Reactivity rules

    These examples show how to specify a reactivity rule on reactants and/or products: reaction products accepted only if the reactivity rule is satisfied. Rules are defined as chemical terms and evaluated by the Chemical Terms Evaluator. See the Reaction rules section of the Reactor Manual for the syntax of these rules.

    1. The reaction file for our first example details an amine isocyanate reaction. See:amine+isocyanate.rdf It contains the reactivity rule in the REACTIVITY RDF tag (you can see it in MView by setting Table / Show Fields):

      images/download/attachments/1806400/Amine_isocyanate_react.png
      match(ratom(1), "[#6][N:1]", 1)
        || match(ratom(1), "[#6][N:1][N:2]", 2))
        && !match(ratom(1), "[#6][N:1][N:2]", 1)
        && !match(ratom(1), "[N:1][C,P,S]=O", 1)

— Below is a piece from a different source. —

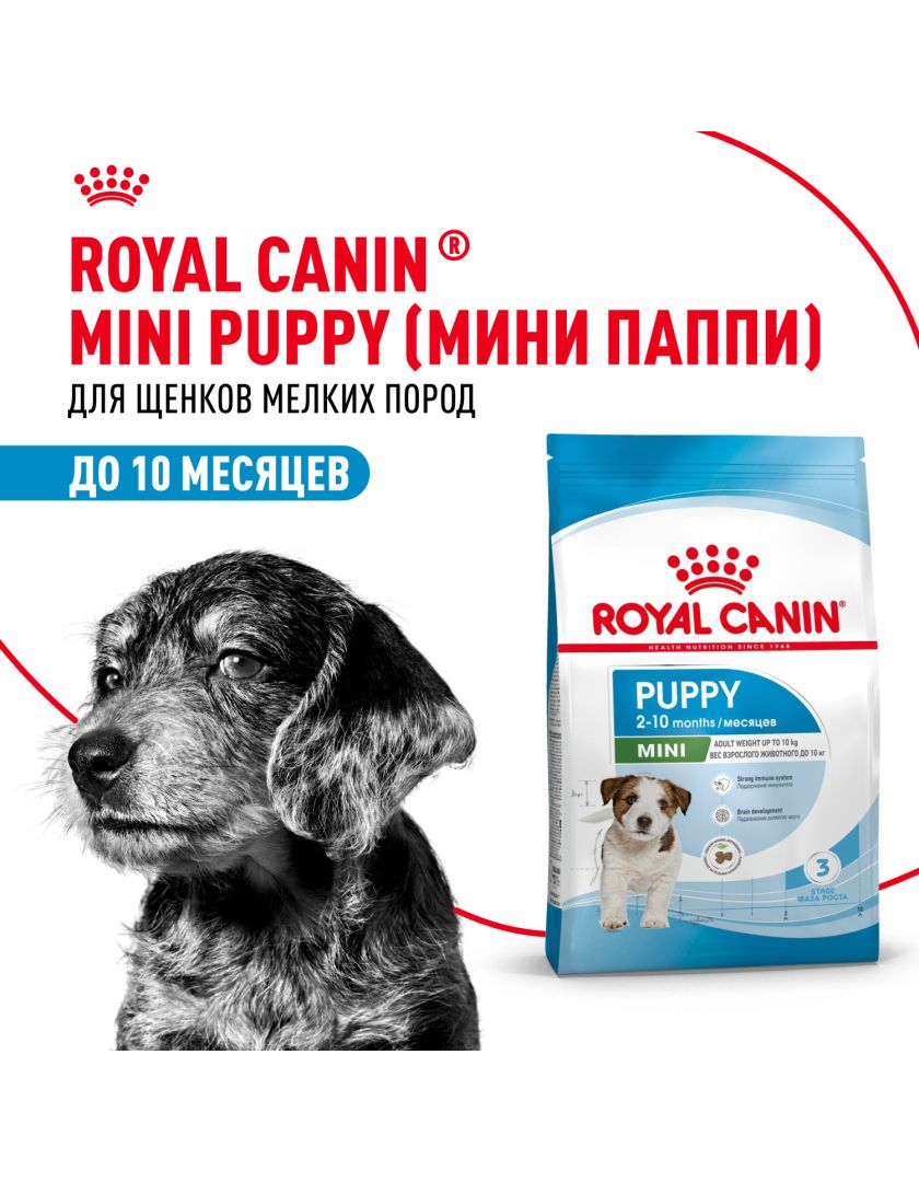 Корм сухой полнорационный для щенков мелких пород (вес взрослой собаки до 10 кг) в возрасте до 10 месяцев MINI PUPPY 2-10 months (МИНИ ПАППИ 2-10 месяцев) ROYAL CANIN®, подходящий для щенков мелких пород в возрасте до 10 месяцев, специально разработан с учетом потребностей в питательных веществах вашего щенка в период роста.

      The reactivity rule in this example describes amine-type nitrogens: a N atom is taken as an amine-type nitrogen if and only if it is either an amine or a hydrazine(N2) but not a hydrazine(N1) and not an amide.

      hydrazine

      images/download/attachments/1806400/Hydrazyne.png

      Our reactant files are amines.smiles and isocyanates.smiles:

      Amines

      Nc1ccccc1OC(F)F
      N[C@H]1CCOC1=O
      c1ccncc1
      CC(C)N1CCCCC1
      c1ccc2[nH]ccc2c1
      CC(=O)NC1CCCCC1
      images/download/attachments/1806400/amines.png


      Isocyanates

      CCOC(=O)CCCN=C=O
      CCOc1ccc(N=C=O):c(c1)N(=O)=O
      O=C=NC1c2ccccc2-c3ccccc13
      O=C=Nc1ccc2OCOc2c1
      C[C@H](N=C=O)c1cccc2ccccc12
      O=C=N[C@@H]1C[C@H]1c2ccccc2
      images/download/attachments/1806400/Isocyanates.png


      Look at the amines: The first and the second amine satisfy the condition, the next two are not attached to a hydrogen therefore do not satisfy the reaction equation itself, the remaining two do not satisfy the reactivity rule above. In the examples below, Reactor is run with multiple reactants in sequential mode: the first amine is paired with the first isocyanate, then the second amine with the second isocyanate, and so on.

      Run Reactor by:

      react -r amine+isocyanate.rdf amines.smiles isocyanates.smiles -t reaction

      The result is:

      Nc1ccccc1OC(F)F.CCOC(=O)CCCN=C=O>>CCOC(=O)CCCNC(=O)Nc1ccccc1OC(F)F
      
      N[C@H]1CCOC1=O.CCOc1ccc(N=C=O)c(c1)N(=O)=O>>CCOc1ccc(NC(=O)N[C@H]2CCOC2=O)c(c1)N(=O)=O

      You can see that only the first two amines have been processed:

      images/download/attachments/1806400/Amine_isocyanate_result.png

      For comparison, run Reactor without reaction rules (option -n):

      react -r amine+isocyanate.rdf amines.smiles isocyanates.smiles -t reaction -n r

      We have 4result rows corresponding to the first two and the last two amines, since the reaction equation is not satisfied for the third and the fourth amines:

      Nc1ccccc1OC(F)F.CCOC(=O)CCCN=C=O>>CCOC(=O)CCCNC(=O)Nc1ccccc1OC(F)F
      
      N[C@H]1CCOC1=O.CCOc1ccc(N=C=O)c(c1)N(=O)=O>>CCOc1ccc(NC(=O)N[C@H]2CCOC2=O)c(c1)N(=O)=O
      
      c1ccc2[nH]ccc2c1.C[C@H](n-c-o)c1cccc2ccccc12>>C[C@H](NC(=O)[nH]1ccc2ccccc12)c3cccc4ccccc34
      
      CC(=O)NC1CCCCC1.O=C=N[C@@H]1C[C@H]1c2ccccc2>>CC(=O)N(C1CCCCC1)C(=O)N[C@@H]2C[C@H]2c3ccccc3
    2. In our next example the reaction is stored in acid-halide+nucleophile.rdf and the corresponding conditionial rule is applied to nucleophiles, the second reactant of the reaction:

      !match(ratom(3), "[#6][N,O,S:1][N,O,S:2]", 1) && !match(ratom(3), "[N,O,S:1][C,P,S]=[N,O,S]", 1)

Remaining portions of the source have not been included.